# Discarded Wedding Band



## hereandgone18 (Sep 25, 2011)

So, my husband left over two years ago now. He returned this summer for a few months, but left again in October.
He continues to use our address for his mail, and has left many of his belongings behind, including two vehicles.
Yesterday, I cleaned out one of them, as it is being sold, and I found his wedding band chucked in the console
I am crushed, but feel like this sure signals the absolute end, and it is too much for me to take. I can't stop feeling like I will
never get over this. It seems like everyday there is a new source of pain, sometimes just as simple as a letter in the mail for him.....help!


----------



## Tall Average Guy (Jul 26, 2011)

Unfortunately, you are letting him abuse you. You need to move on, and that includes kicking him out for good. It will be painful, but it will help you heal.

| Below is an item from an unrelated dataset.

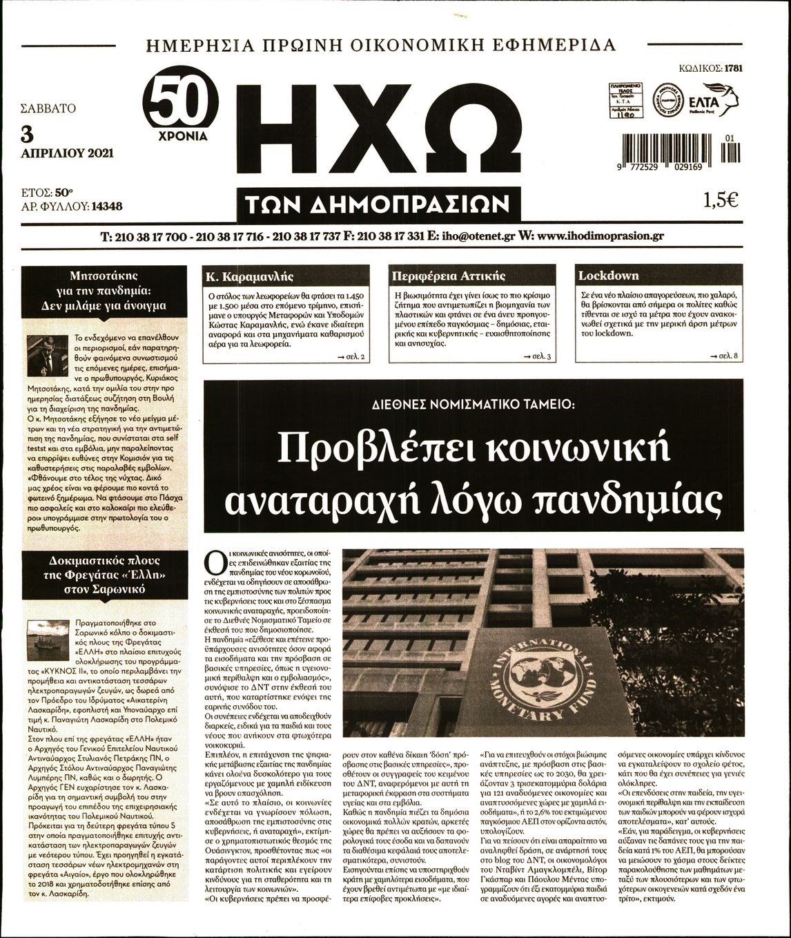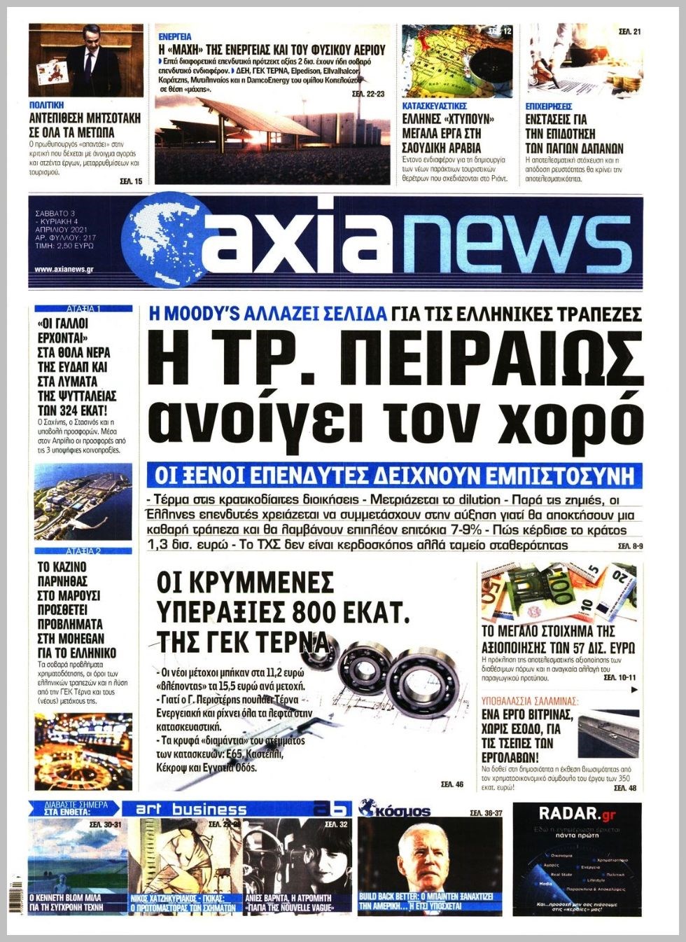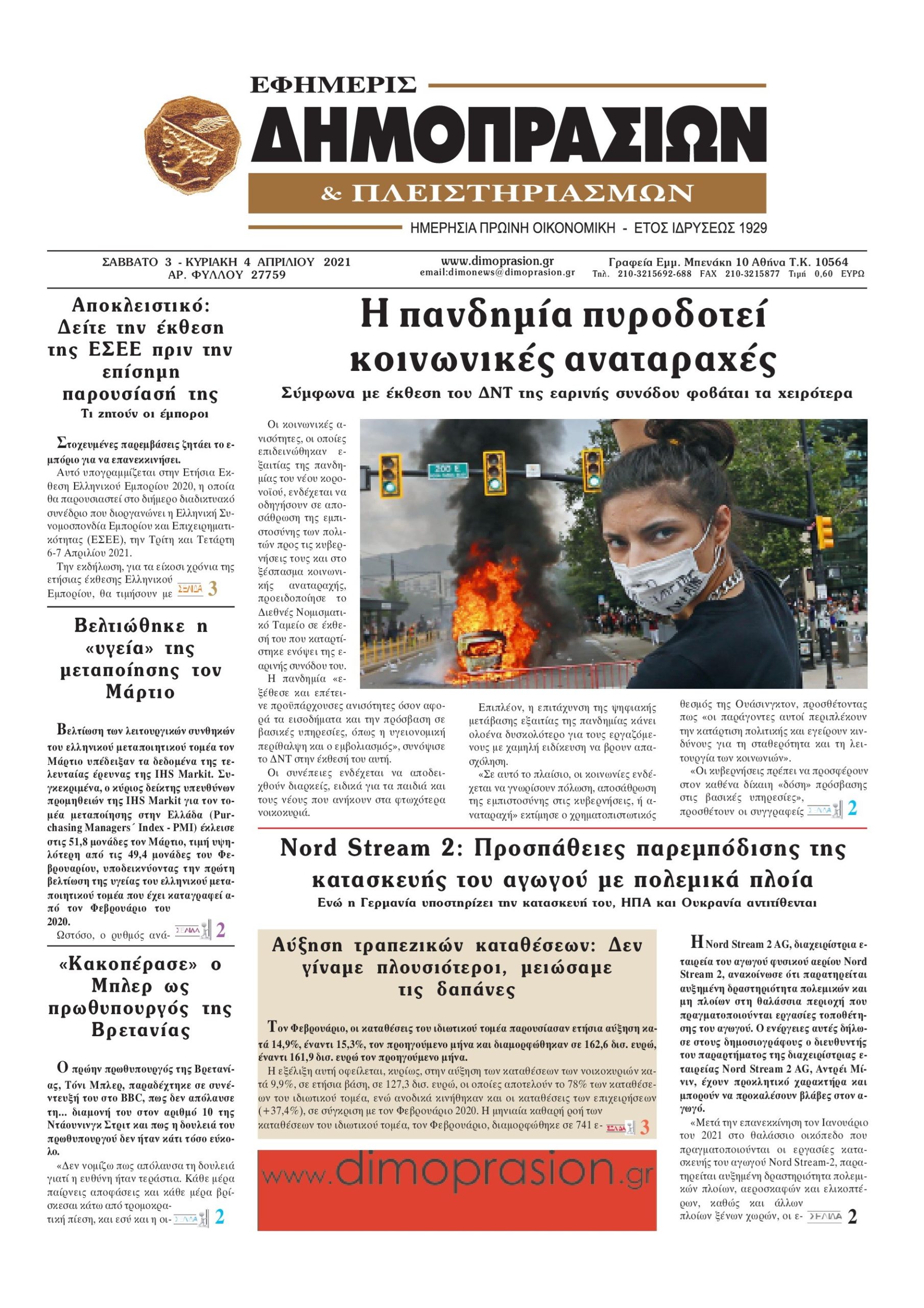 Οι οικονομικές εφημερίδες 3/4/2021 Διονύσης Νίκκας 07:30, Σάββατο 03 Απριλίου 2021 Media Διαβάστε τα πρωτοσέλιδα των οικονομικών εφημερίδων… ΟΙΚΟΝΟΜΙΚΕΣ ΕΦΗΜΕΡΙΔΕΣ Μοιράσου το: σχολίασε κι εσύ (0 σχόλια) Ακολουθήστε το enikos.gr στο Google News και μάθετε πρώτοι όλες τις ειδήσεις Δείτε όλες τις τελευταίες ειδήσεις από την Ελλάδα και τον Κόσμο στο enikos.gr Ειδήσεις Ροή Ειδήσεων 3 ώρες πριν Χριστούγεννα στα μπλόκα: Επιμένουν στις κινητοποιήσεις τους οι αγρότες – Ανοίγουν τα διόδια το Σαββατοκύριακο 3 ώρες πριν Ουκρανία: Η άνευ προηγουμένου επίθεση σε ρωσικό τάνκερ στη Μεσόγειο και το μήνυμα προς στον Πούτιν – Το «μακρύ χέρι» του Κιέβου 2 ώρες πριν Πούτιν: Τα μηνύματα σε Ευρώπη και ΝΑΤΟ από το μαραθώνιο «σόου» του – Η απαίτηση για «σεβασμό» και η ειρήνη «με τους όρους» της Μόσχας 3 ώρες πριν Τραμπ: Δεν αποκλείει την πιθανότητα ενός πολέμου στη Βενεζουέλα – «Ο Μαδούρο ξέρει καλύτερα από τον καθένα τι ακριβώς θέλω» 4 ώρες πριν Συνεχίζει να προκαλεί ο Μίτσκοσκι: «Για μένα το όνομα Μακεδονία είναι ιερό» 3 ώρες πριν Ανακαλύφθηκαν αρχαία χρυσά νομίσματα 2.200 ετών που απεικονίζουν τον θεό Απόλλωνα – Η άγνωστη σύνδεση με τον Φίλιππο Β΄ της Μακεδονίας 3 ώρες πριν Ύπνος: Μια κρυφή κατάσταση του εγκεφάλου πριν από τον ύπνο μπορεί να είναι το “κλειδί” για υψηλή ευφυΐα και δημιουργικότητα 4 ώρες πριν Αριθμολογία: Οι άνθρωποι που έχουν γεννηθεί αυτές τις 4 ημερομηνίες, συχνά παρεξηγούνται – «Η καλοσύνη τους κρύβει τεράστια δύναμη» 5 ώρες πριν Ξεχάστε το καθάρισμα το Σαββατοκύριακο: Ο «κανόνας των 20 λεπτών» που θα σας λύσει τα χέρια 20 λεπτά πριν Συρία: Μαζικά πλήγματα των ΗΠΑ σε θέσεις του Ισλαμικού Κράτους – Χέγκσεθ: «Δεν είναι αρχή πολέμου, είναι μια δήλωση εκδίκησης» για το θάνατο των στρατιωτών μας 32 λεπτά πριν Ουκρανία: Ολοκληρώθηκαν οι συνομιλίες με τους Αμερικανούς κι Ευρωπαίους διαπραγματευτές 47 λεπτά πριν Μπαρτσελόνα – Μπασκόνια 134-124: Οι «μπλαουγκράνα» πήραν το ματς της χρονιάς ύστερα από τρεις παρατάσεις 1 ώρα πριν Φαίη Σκορδά: «Παλιότερα τα κομπλιμέντα τα προσπερνούσα, τώρα τα έχω ανάγκη» 1 ώρα πριν Βασίλης Σπανούλης: Δεν εμφανίστηκε ούτε ένας δημοσιογράφος στην συνέντευξη Τύπου – «Καλησπέρα στον… κανέναν», δείτε βίντεο ENIKOS NETWORK Το ΕΚΑΒ τιμήθηκε από την Ακαδημία Αθηνών για τα 40 χρόνια προσφοράς του Έχετε πραγματικά μεγάλη καρδιά; 10 χαρακτηριστικά όσων έχουν καλοσύνη Αναστολή μέτρων αναγκαστικής εκτέλεσης για κτηνοτρόφους που πλήττονται από την ευλογιά των αιγοπροβάτων Πλήρης επάρκεια προϊόντων στις λαϊκές της Αττικής, παρά τις αγροτικές κινητοποιήσεις – Τι απαντούν οι πωλητές Χαρτογραφώντας το «σημείο χωρίς επιστροφή»: Για πρώτη φορά αποκαλύπτεται με λεπτομέρεια το ακανθώδες όριο της ατμόσφαιρας τ... Η Google καταργεί τη λειτουργία «dark web report» – Πώς θα μπορούν οι χρήστες να διαγράφουν τα δεδομένα τους περισσότερα 22:42 , Παρασκευή 19 Δεκεμβρίου 2025 Γιώργος Γιαννόπουλος για “Το σόι σου”: “Είναι ευτυχία και ευλογία αυτή η σειρά” «Είναι ευτυχία και ευλογία η συγκυρία αυτής της σειράς», θα πει ο Γιώργος Γιαννόπουλος -ο αγαπ... 20:37 , Παρασκευή 19 Δεκεμβρίου 2025 Don’t Forget The Lyrics: Η Έλλη Κοκκίνου υποδέχεται 4 παίκτες που θα κάνουν τα πάντα για να μη χάσουν ούτε… μισή λέξη από τους στίχους Το «Don’t Forget The Lyrics» επιστρέφει απόψε, Παρασκευή 19 Δεκεμβρίου, στις 21:00 με νέο επει... 19:31 , Παρασκευή 19 Δεκεμβρίου 2025 GNTM: Απόψε ο μεγάλος τελικός για τους 4 φιναλίστ Έπειτα από μήνες γεμάτους μόδα

Assuming you know where he is, put a forwarding request for his mail. Also, rent a storage unit and put his stuff in it. Pay the first months rent, give him the key, and let him know the rest is up to him. Meanwhile, go to an attorney and get a divorce moving.

It has been two years. He is not wearing his wedding ring. I am sorry, but your marriage is over. Please accept that and start moving on with your life. Take care of yourself.


----------



## that_girl (Jul 6, 2011)

Better yet, warn him you will be having a garage sale in a week...whatever he doesn't take, you're going to sell.

I can't believe he left 2 years ago! He is using you and coming around only when it suits him.

Please accept what you need to do and move on from this jerk.


----------



## that_girl (Jul 6, 2011)

Just the whole "storage" thing bugged me. Why should she move his shet? that's a lot of work that I wouldn't want to do.

Garage sale and goodwill. They will come and pick shet up.

You can even donate cars to charity.

Your husband is not a husband.


----------